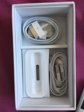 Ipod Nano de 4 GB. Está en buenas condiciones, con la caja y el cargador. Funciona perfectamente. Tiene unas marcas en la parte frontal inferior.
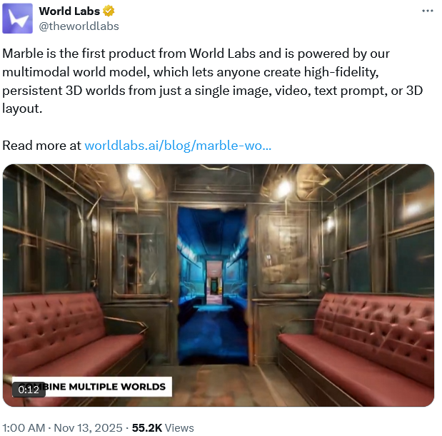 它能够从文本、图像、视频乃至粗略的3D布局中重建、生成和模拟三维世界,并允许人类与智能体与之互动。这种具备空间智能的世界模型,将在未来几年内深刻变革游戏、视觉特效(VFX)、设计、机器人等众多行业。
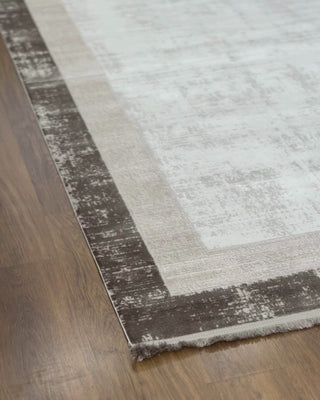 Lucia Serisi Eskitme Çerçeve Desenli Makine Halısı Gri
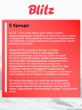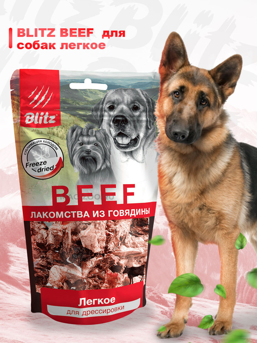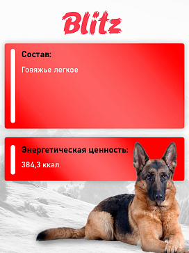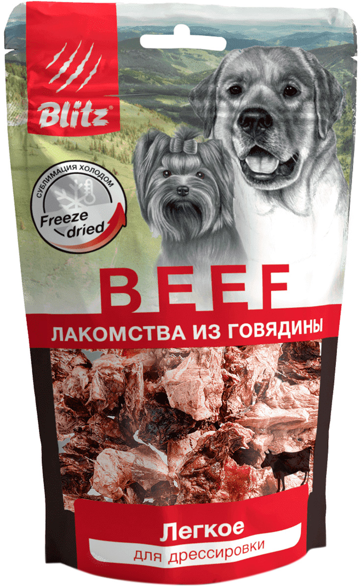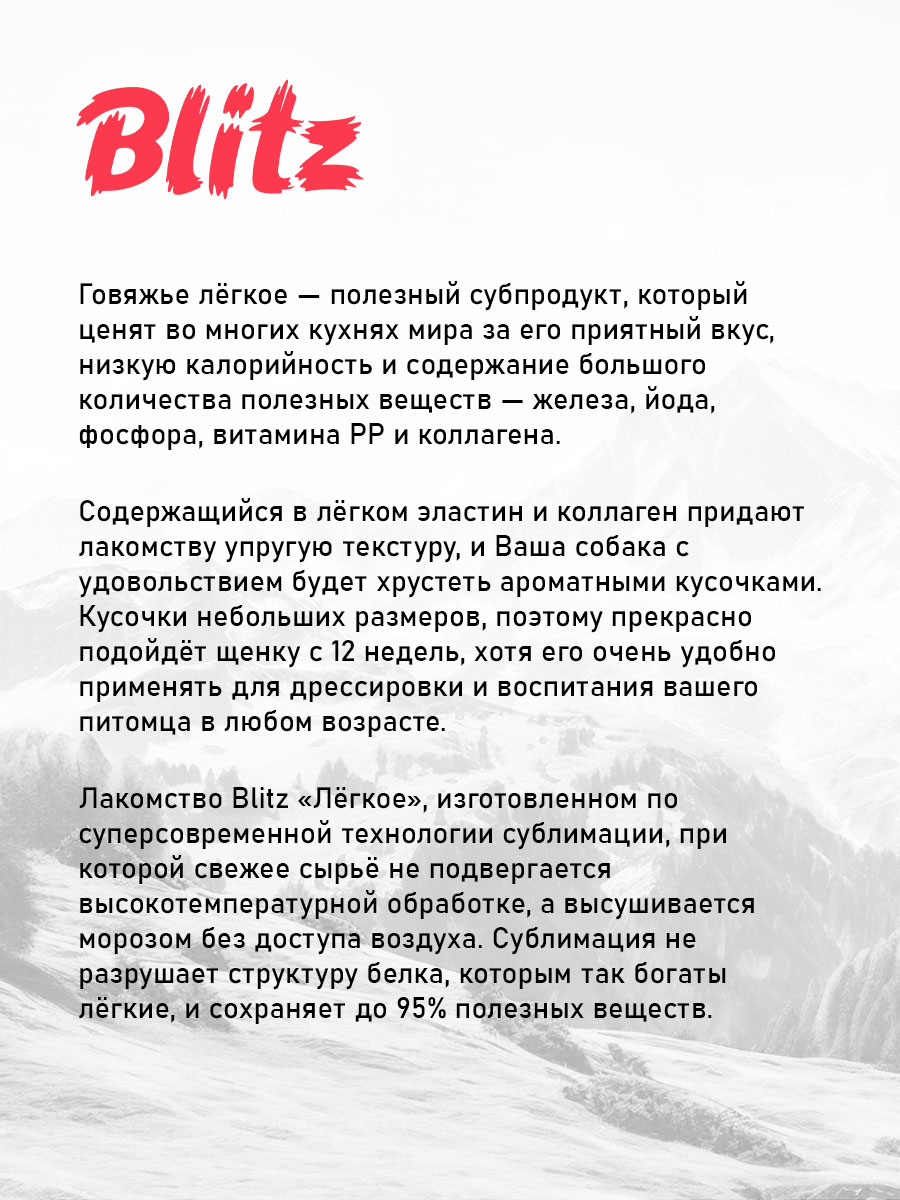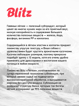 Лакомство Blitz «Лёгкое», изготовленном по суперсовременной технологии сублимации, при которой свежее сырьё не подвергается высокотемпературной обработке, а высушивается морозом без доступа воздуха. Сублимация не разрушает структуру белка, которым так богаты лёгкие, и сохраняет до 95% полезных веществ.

§ TASK BRIEF
Restate the data word for word, minus any images.

§ RESPONSE AREA
 Ipod Nano de 4 GB. Está en buenas condiciones, con la caja y el cargador. Funciona perfectamente. Tiene unas marcas en la parte frontal inferior.
 它能够从文本、图像、视频乃至粗略的3D布局中重建、生成和模拟三维世界,并允许人类与智能体与之互动。这种具备空间智能的世界模型,将在未来几年内深刻变革游戏、视觉特效(VFX)、设计、机器人等众多行业。
 Lucia Serisi Eskitme Çerçeve Desenli Makine Halısı Gri
 Лакомство Blitz «Лёгкое», изготовленном по суперсовременной технологии сублимации, при которой свежее сырьё не подвергается высокотемпературной обработке, а высушивается морозом без доступа воздуха. Сублимация не разрушает структуру белка, которым так богаты лёгкие, и сохраняет до 95% полезных веществ.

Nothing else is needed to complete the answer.